Другое дело, что Временное правительство и прочие партии оказались совершенно не готовы к таким решительным и, не побоюсь этого слова, подлым действиям. Впрочем, они устраивали революцию, а большевикам нужен был именно военный переворот с целью захвата власти. Разница – глобальная, мировоззренческая, я бы сказала.
Собственно, этот переворот и то, что большевики смогли удержать власть, определило облик России на ближайшие десятилетия.
Если бы революция остановилась на стадии событий марта-сентября 1917 года, если бы у власти осталось многопартийное Временное правительство, возможно, мы получили бы что-то вроде Веймарской республики или Третьей Французской республики. Не думаю, что мятеж Корнилова, даже если бы он увенчался успехом, имел бы долгосрочные последствия. Корнилов – прекрасный военный, но плохой политик. Он бы не смог удержать власть, т.к. не был достаточно беспринципен и циничен, чтобы платить за нее такую цену крови, которую потом заплатили большевики.
Так вот, если бы революция остановилась на этой стадии, то, я думаю, это был бы логически обоснованный и необходимый этап развития России. Пусть даже начался он, как начиналось многое в нашей истории, с хаоса и смуты.
К началу ХХ века монархия в России, точнее, самодержавная монархия, изжила себя и была нежизнеспособна. Слишком многое замыкалось на личности государя. А масштаб этой личности далеко не всегда соответствовал величию ее роли.
Возможно даже, наигравшись в республику, мы вернулись бы к ограниченной монархии. Все-таки наше полувосточное местоположение и мировоззрение, все течение нашей истории значительно отличают нас от европейских стран, в которых демократические режимы могут существовать органично.
Но то, что произошло в октябре 1917 года, перечеркнуло все эти перспективы и надежды. Словно исказилась линия времени, и наша история покатилась по какой-то кривой колее.
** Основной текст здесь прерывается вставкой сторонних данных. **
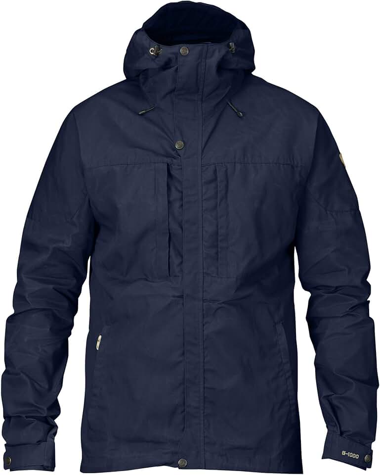 Fjällräven Skogsö Jacket Coats for Men - Leather Details, Two Chest and Two Hand Pockets, and Fixed Two Way Adjustable Hood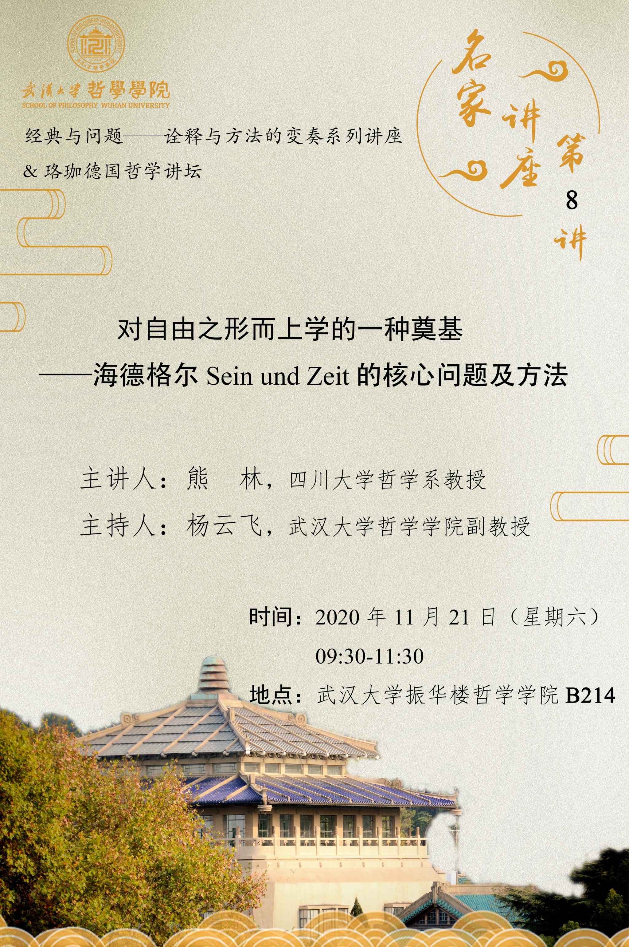 【11月21日】名家讲座第8讲:对自由之形而上学的一种奠基——海德格尔 Sein und Zeit 的核心问题及方法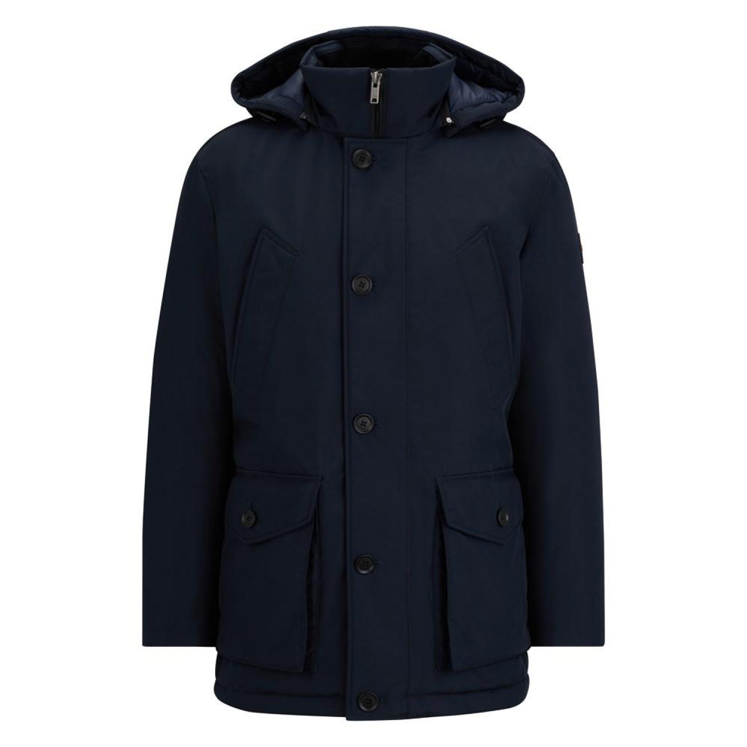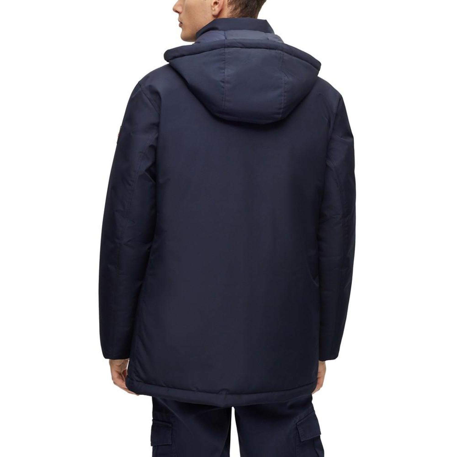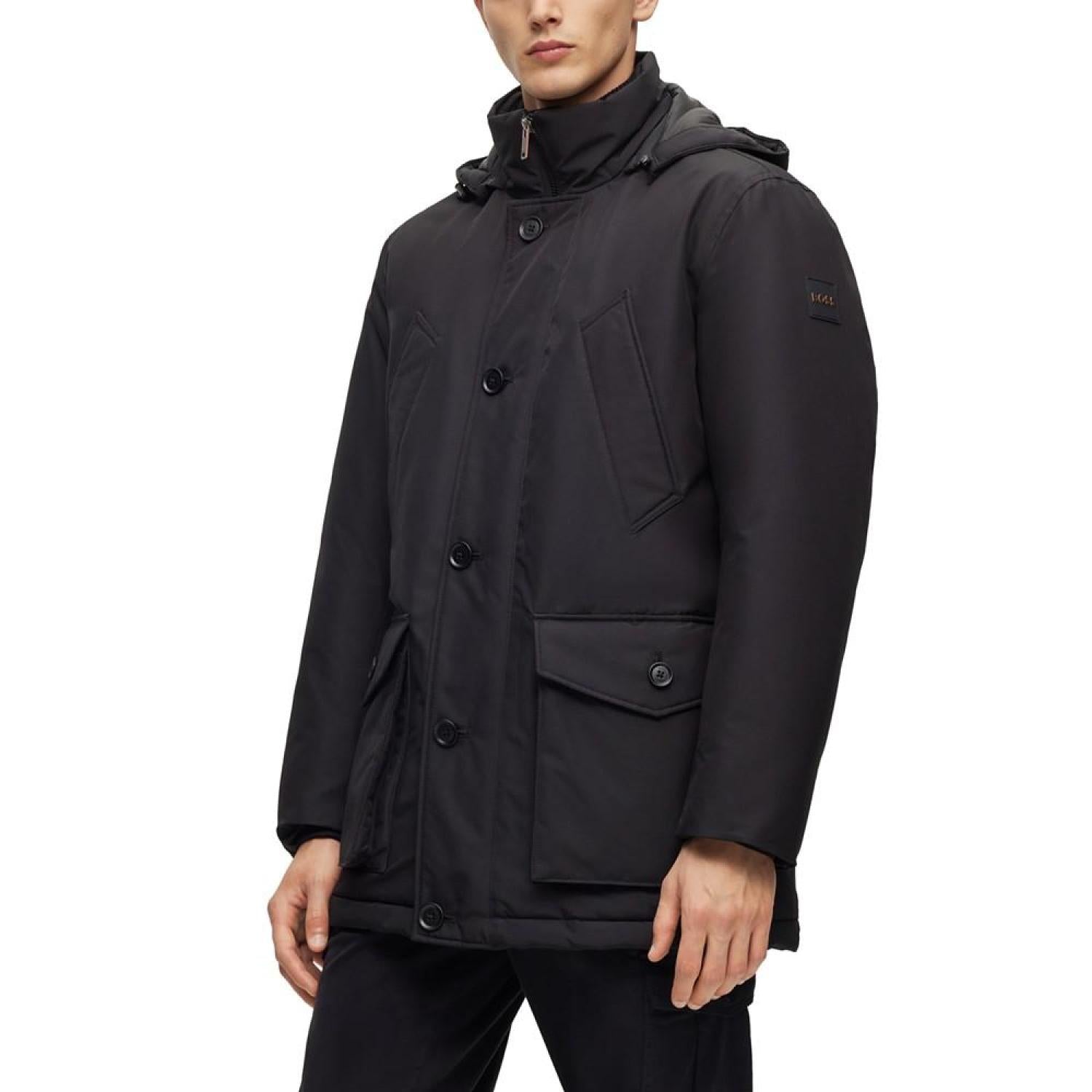 • A hooded parka cut to a relaxed fit in water-repellent micro-textured material with logo trims and cozy pockets by BOSS Menswear.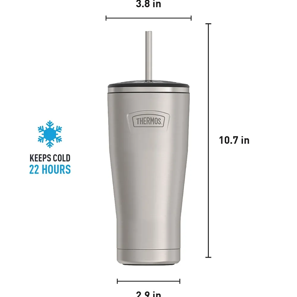 Starts cold. Stays cold. The Icon™ 24-Oz. Stainless Steel Cold Tumbler with Straw from Thermos® helps you stay hydrated to take on the day. It comes equipped with a stainless steel straw to keep up with whatever your day has in store. From the nonslip Griptec™ base to superior vacuum insulation and durable True-Coat™ finishes, the Icon™ Series by Thermos® is an ideal tumbler for everyday use. It’s dishwasher safe, but don’t use with hot liquids.

Насмешка судьбы в том, что стадию квазиреспублики и ограниченной квазимонархии Россия все-таки прошла, но в жутко извращенном виде. Я имею в виду политический режим 20-х годов и то, что сделал Сталин. Правда, сталинизм был формой как раз ничем не ограниченной монархии, тирании и диктатуры в чистом виде. Такой полнотой власти в России далеко не все государи обладали. Недаром Сталин так ценил Ивана Грозного и Петра Первого – видел в них своих предшественников и в какой-то мере учителей по управлению страной.
Кстати, то, что происходило во власти и структуре управления государством после смерти Сталина, у меня нередко вызывало ассоциации с эпохой дворцовых переворотов XVIII века, причем достаточно явные.
Но если эта эпоха через страшный и блестящий век Екатерины закончилась просвещенной монархией Александра I, то мы остановились где-то на стадии Павла I. Ибо при всем моем искреннем уважении к Михаилу Горбачеву, его прожектерство, идеализм и явное незнание страны и народа, которыми он руководил, невольно положило начало хаосу 90-х годов. Кстати, и закончил Михаил Сергеевич практически как Павел. Слава Богу, табакеркой его никто не бил, но власть у него отняли в результате элементарного заговора.
Так что большевистский переворот, мне кажется, подобно нерадивому стрелочнику, пустил историю России по некой альтернативной реальности, где все благие начинания и чаяния революционеров переплавились в какой-то трагический фарс.
И эта новая реальность столь огромной страны запустила иной отсчет для всего мира. Во многом история ХХ века сложилась для человечества столь трагично именно из-за того, что случилось в России в октябре 1917-го. И последствия этого мы переживаем до сих пор, будем переживать еще очень долго, в этом я уверена.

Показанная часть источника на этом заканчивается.